On Jan. 2, 1973, Farrow was called to an airport in Baltimore to investigate reports that a hijacker, Charles August Wenige, was holding two flight attendants hostage aboard a Piedmont Airlines jet. Among Wenige’s demands were a meeting with Baltimore’s Cardinal Lawrence Shehan and being flown to Toronto.

Farrow began talking to the hijacker by radio and was allowed to enter the aircraft. For two hours, Wenige pointed his .45-caliber semiautomatic pistol at the agent’s head as Farrow negotiated the release of the hostages. Later in the evening, the 74-year-old cardinal entered the plane and talked to the hijacker. Farrow eventually talked Wenige into releasing the hostages and surrendering.

Advertisement

Farrow, who was the agent in charge in the FBI’s Baltimore office when the incident took place, subsequently said the night “was the scariest thing I’ve ever been through with the bureau.”

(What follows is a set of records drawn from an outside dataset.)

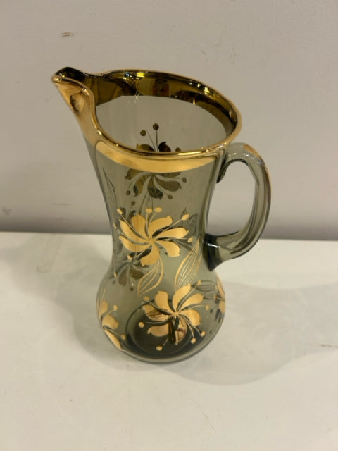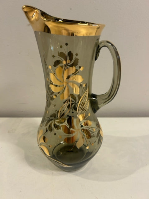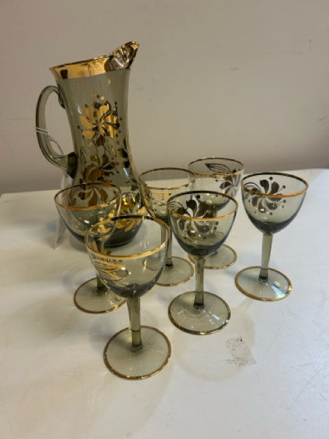 MCM Smoked Glass Pitcher & 6 Glasses with  Gold Detailing made in Hungary
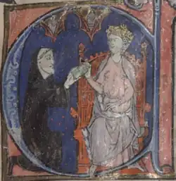 Primat's Old French chronicle, Roman des rois ("Romance of Kings"), was presented to Philip III in about 1274. It was probably commissioned by the king's father, Louis IX.[8] Primat's abbot, Matthew of Vendôme, also had a large role in its production and is a more imposing figure than the king in the original presentation miniature.[9] It was created by translating and adapting excerpts from various Latin histories in the archives of Saint-Denis.[8]
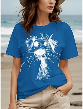Dam T-shirt Mönster Grafisk Djur Vintage Stylish Klassisk Kortärmad Rund hals Vanliga toppar Dagligen Helgen Blå Svart Marinblå Beige Sommar Vår Höst Vinter
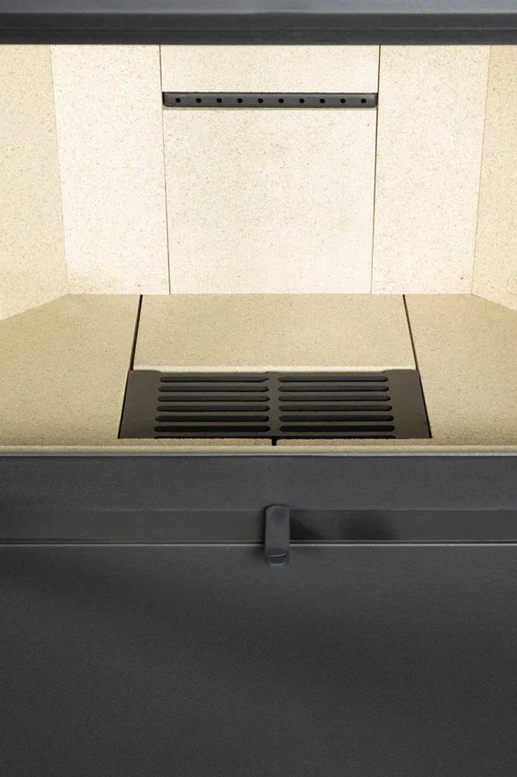 Под печь необходимо предусмотреть негорючее основание. Рекомендуем использовать листы под печь черного цвета.

A native of West Virginia, Farrow worked in the Office of Strategic Services during World War II. He earned a business administration degree at Virginia Polytechnic Institute in Blacksburg, Va.

He joined the FBI in 1951 and worked in Washington, D.C., as well as regional offices in Pittsburgh, Oklahoma City and Springfield, Ill. He retired from the bureau in 1975 and became director of corporate security at the Martin Marietta Corp. plant in Middle River, Md.